What you have to do :: Your task is to copy the lines of the data below from the line holding "La corte esclusiva" through the line holding "График переходного процесса", inclusive, exactly and with nothing added.

Supplied data ::
:::::
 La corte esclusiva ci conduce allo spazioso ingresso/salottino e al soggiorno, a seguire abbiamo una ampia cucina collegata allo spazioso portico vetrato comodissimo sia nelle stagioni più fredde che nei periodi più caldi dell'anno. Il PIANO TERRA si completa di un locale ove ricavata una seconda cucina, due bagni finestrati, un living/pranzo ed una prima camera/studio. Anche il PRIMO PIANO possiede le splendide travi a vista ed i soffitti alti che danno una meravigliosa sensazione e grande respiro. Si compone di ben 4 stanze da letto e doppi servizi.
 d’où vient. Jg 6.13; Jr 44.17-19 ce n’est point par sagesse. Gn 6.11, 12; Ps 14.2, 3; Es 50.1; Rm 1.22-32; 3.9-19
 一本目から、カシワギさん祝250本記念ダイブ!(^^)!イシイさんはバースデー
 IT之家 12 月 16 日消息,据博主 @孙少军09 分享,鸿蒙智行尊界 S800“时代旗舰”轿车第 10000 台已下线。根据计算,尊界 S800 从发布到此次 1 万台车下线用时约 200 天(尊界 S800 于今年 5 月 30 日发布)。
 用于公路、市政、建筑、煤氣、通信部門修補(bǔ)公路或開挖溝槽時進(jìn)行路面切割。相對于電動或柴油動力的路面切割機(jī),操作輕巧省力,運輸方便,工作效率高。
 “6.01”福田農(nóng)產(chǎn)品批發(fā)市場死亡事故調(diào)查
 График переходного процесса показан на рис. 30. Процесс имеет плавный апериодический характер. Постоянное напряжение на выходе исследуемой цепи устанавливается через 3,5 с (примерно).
:::::
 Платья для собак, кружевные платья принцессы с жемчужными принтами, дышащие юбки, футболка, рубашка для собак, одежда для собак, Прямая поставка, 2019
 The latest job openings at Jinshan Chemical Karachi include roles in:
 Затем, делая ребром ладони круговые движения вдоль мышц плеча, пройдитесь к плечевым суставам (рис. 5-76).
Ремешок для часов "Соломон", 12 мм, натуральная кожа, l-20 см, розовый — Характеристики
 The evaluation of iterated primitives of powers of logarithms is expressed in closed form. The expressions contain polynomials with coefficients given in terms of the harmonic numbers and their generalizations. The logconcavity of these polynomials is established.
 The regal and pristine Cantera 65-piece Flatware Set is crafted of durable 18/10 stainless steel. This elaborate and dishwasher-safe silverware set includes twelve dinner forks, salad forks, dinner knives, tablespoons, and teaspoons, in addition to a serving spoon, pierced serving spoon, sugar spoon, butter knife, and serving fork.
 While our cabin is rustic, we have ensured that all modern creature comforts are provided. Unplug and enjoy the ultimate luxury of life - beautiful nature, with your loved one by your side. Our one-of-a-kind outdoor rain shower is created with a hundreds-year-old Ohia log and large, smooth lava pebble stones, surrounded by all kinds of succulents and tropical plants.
:::::
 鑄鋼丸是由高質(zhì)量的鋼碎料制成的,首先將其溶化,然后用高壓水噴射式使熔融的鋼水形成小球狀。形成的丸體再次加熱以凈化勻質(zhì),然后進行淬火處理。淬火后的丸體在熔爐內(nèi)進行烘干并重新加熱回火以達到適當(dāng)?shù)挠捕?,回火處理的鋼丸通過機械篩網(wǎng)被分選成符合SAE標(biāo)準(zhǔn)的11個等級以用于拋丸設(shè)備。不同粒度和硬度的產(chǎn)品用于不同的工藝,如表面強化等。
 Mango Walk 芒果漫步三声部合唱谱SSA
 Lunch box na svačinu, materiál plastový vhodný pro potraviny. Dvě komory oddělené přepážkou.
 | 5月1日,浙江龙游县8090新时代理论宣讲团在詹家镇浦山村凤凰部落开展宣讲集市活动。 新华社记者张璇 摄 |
:::::
Response area ::
 La corte esclusiva ci conduce allo spazioso ingresso/salottino e al soggiorno, a seguire abbiamo una ampia cucina collegata allo spazioso portico vetrato comodissimo sia nelle stagioni più fredde che nei periodi più caldi dell'anno. Il PIANO TERRA si completa di un locale ove ricavata una seconda cucina, due bagni finestrati, un living/pranzo ed una prima camera/studio. Anche il PRIMO PIANO possiede le splendide travi a vista ed i soffitti alti che danno una meravigliosa sensazione e grande respiro. Si compone di ben 4 stanze da letto e doppi servizi.
 d’où vient. Jg 6.13; Jr 44.17-19 ce n’est point par sagesse. Gn 6.11, 12; Ps 14.2, 3; Es 50.1; Rm 1.22-32; 3.9-19
 一本目から、カシワギさん祝250本記念ダイブ!(^^)!イシイさんはバースデー
 IT之家 12 月 16 日消息,据博主 @孙少军09 分享,鸿蒙智行尊界 S800“时代旗舰”轿车第 10000 台已下线。根据计算,尊界 S800 从发布到此次 1 万台车下线用时约 200 天(尊界 S800 于今年 5 月 30 日发布)。
 用于公路、市政、建筑、煤氣、通信部門修補(bǔ)公路或開挖溝槽時進(jìn)行路面切割。相對于電動或柴油動力的路面切割機(jī),操作輕巧省力,運輸方便,工作效率高。
 “6.01”福田農(nóng)產(chǎn)品批發(fā)市場死亡事故調(diào)查
 График переходного процесса показан на рис. 30. Процесс имеет плавный апериодический характер. Постоянное напряжение на выходе исследуемой цепи устанавливается через 3,5 с (примерно).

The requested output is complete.